Configuring Git for Drupal

Last updated on
6 December 2022

The following steps will need to be done on each installation of Git you use to contribute to Drupal (home, office, laptop, etc).

Git configuration files (global and per-repo)

Git configuration is stored in a plain-text configuration file called .gitconfig. You have the choice of configuring Git globally or on a per-repository basis (for example, you might need to use one set of configuration for Drupal contributions, and another for Git at your workplace). The global Git configuration file is in your home directory:

  • On Unix-like systems (OS X, Linux, BSD), check ~/.gitconfig
  • On Windows, check C:\Users\[username]\.gitconfig

If the file does not exist yet, you can create it as you would any text file (If the directory does not exist, search harder.) You can also open or create it in your default terminal editor via git using the command:
git config -e --global

If you want to change the configuration for a particular Git repository, you will need to edit the .gitconfigfile at the top level of that repository. Alternatively, you can run this command to open the file in your default terminal editor:

git config -e

To see the current configuration, run this command either at the global or repository level:

git config --list

Git GUI tools

The configuration commands and files mentioned here are appropriate if you are using Git from the command line. If you are using a GUI tool for Git or an IDE that lets you perform Git functions from its GUI, you will need to figure out how to configure your GUI tool in a similar way. Most likely, you will be able to find a "Preferences" or "Options" dialog, under a "Tools" or "Edit" menu, which will allow you to configure Git from within your tool.

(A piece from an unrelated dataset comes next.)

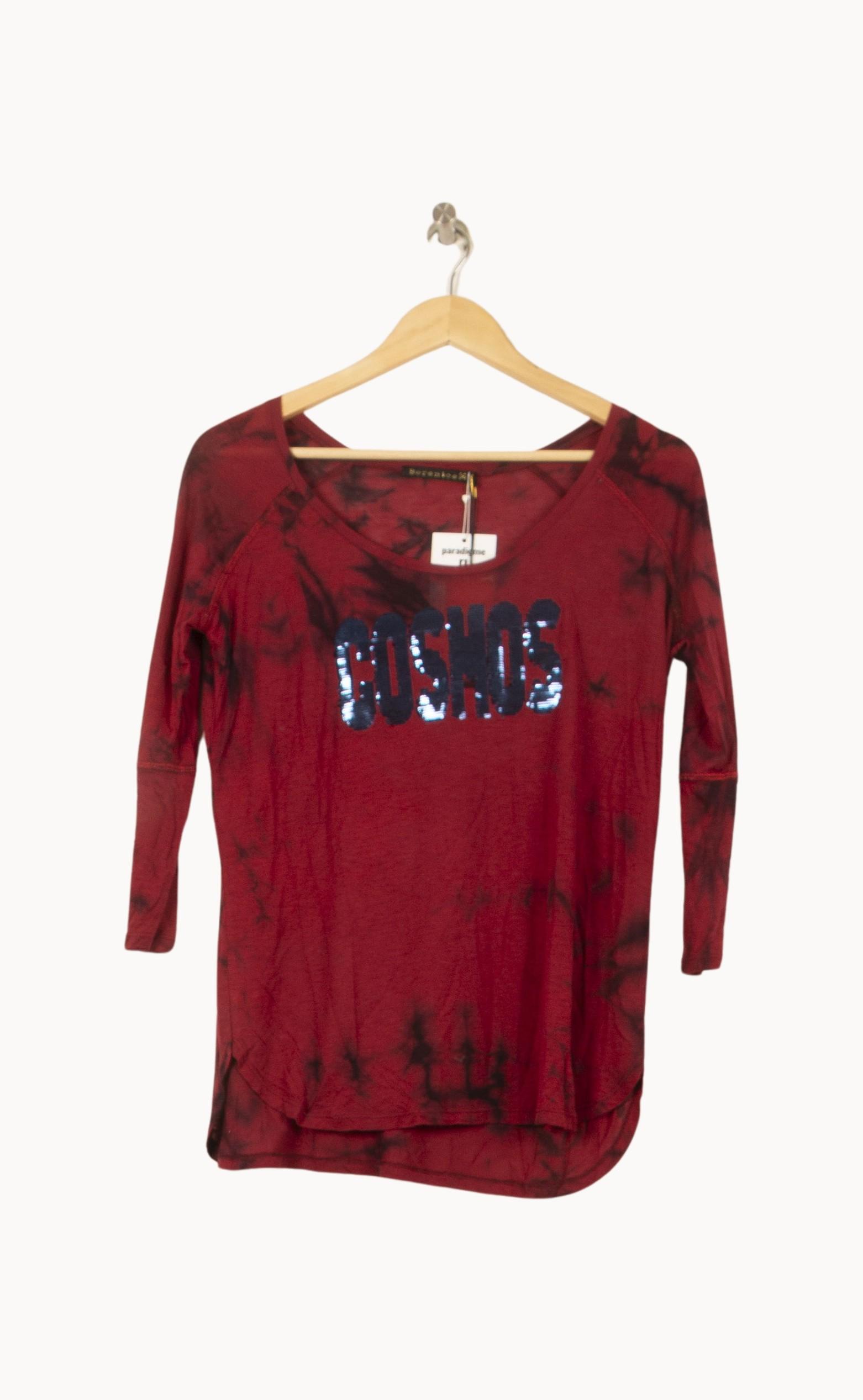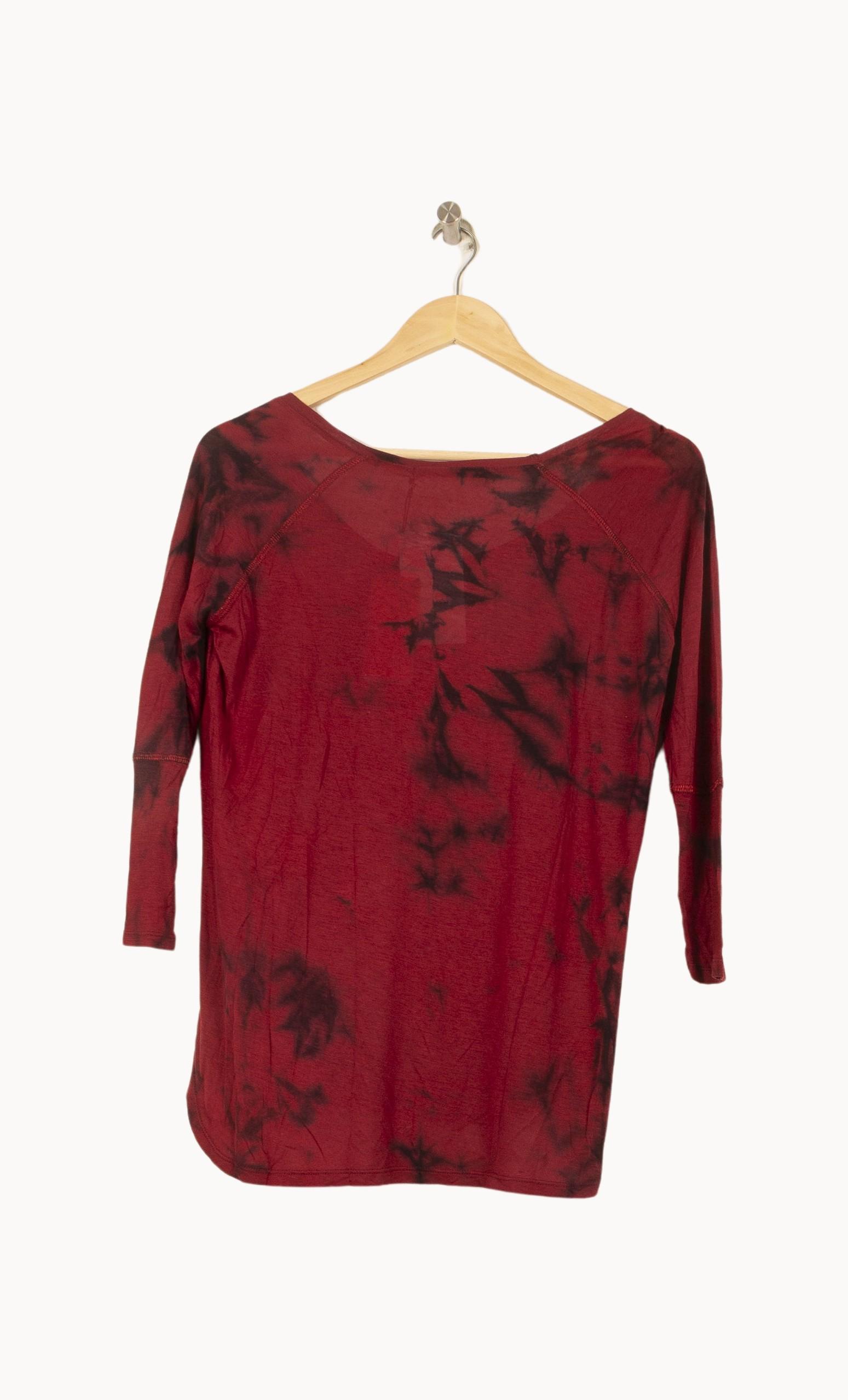 Top à manches courtes Bérénice, taille S/36, dans une élégante teinte rouge avec effet tie and dye noir. Confectionné dans une matière douce et confortable, ce modèle séduit par son motif original et son aspect légèrement délavé, qui lui confère une touche moderne et graphique. Idéal à porter lors d’une journée décontractée en ville pour apporter une note tendance à votre tenue casual.
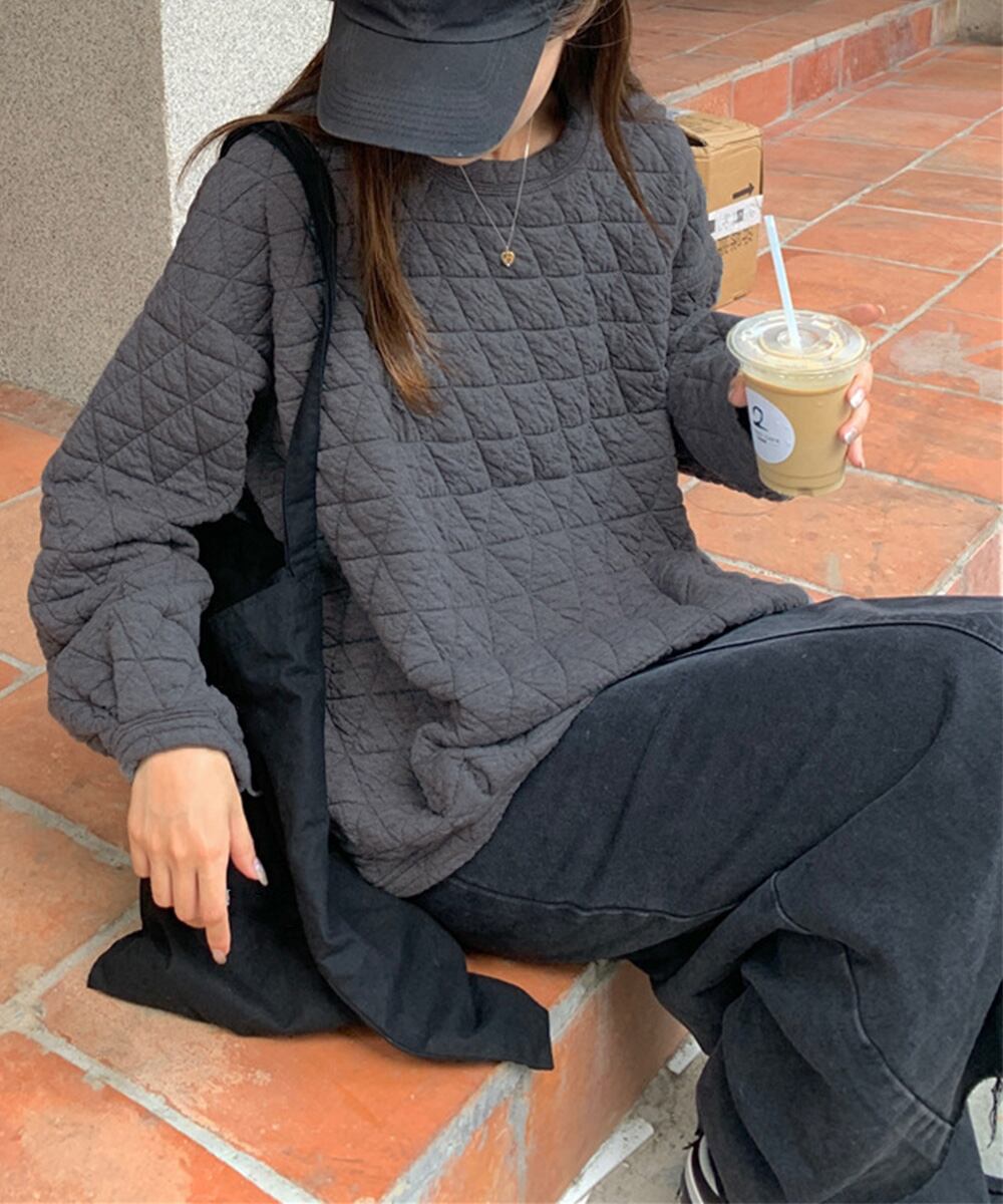 中綿入りトップス クルーネックカットソー 体型カバートップス ゆったりスウェットトレーナー ドロップショルダーカジュアル

Identifying yourself to Git

To be properly credited for your contributions on Drupal.org, you must identify yourself to Git.

To identify yourself, you will need to run two commands either in your home directory or in specific repositories (see section above). Personalized versions of these commands with your details filled in can be found from your Drupal.org user profile page by clicking on Git access, and then locating the Git configuration section of the page. Note that there is an option shown there that will anonymize your email address.

Here are the commands:

git config --global user.name "User name"
git config --global user.email user@example.com

  • It is customary to use your full name for User Name
  • The email address you use when you identify yourself is added to Git’s commit data and creates the link between your commit and your Drupal.org account. So the value of user.email must correspond to an email address for your account. If you would like to keep your email address private, you can identify yourself with the automatically-generated anonymous identifier, which is formatted like an email address, found on the Git access tab of your Drupal.org user profile page.

Configuring Git behavior

To configure Git for use on the command line, add the following configuration directives to the appropriate .gitconfig file.

Always use Unix line-endings in checked out files

[core]
  autocrlf = false
  safecrlf = false

All code and patches will use Unix line-endings (LF) instead of Windows line-endings (CRLF). Unix line-endings are the common standard in open-source projects.

Do not ignore letter casing in filenames on case-insensitive filesystems (like FAT on Windows)

[core]
  ignorecase = false

Note: Even with this setting, Git might not catch some file/directory renames. In those cases, the only workaround is:

git mv original original.tmp
git mv original.tmp Original

Automatically rebase when pulling

[branch]
  autosetuprebase = always

This setting prevents accidental "merge bubbles" (detailed explanation) and is recommended for working on Drupal.org projects. (You still can, and should, merge explicitly when adding large change sets; the purpose is just to prevent unintentional merges when pushing.)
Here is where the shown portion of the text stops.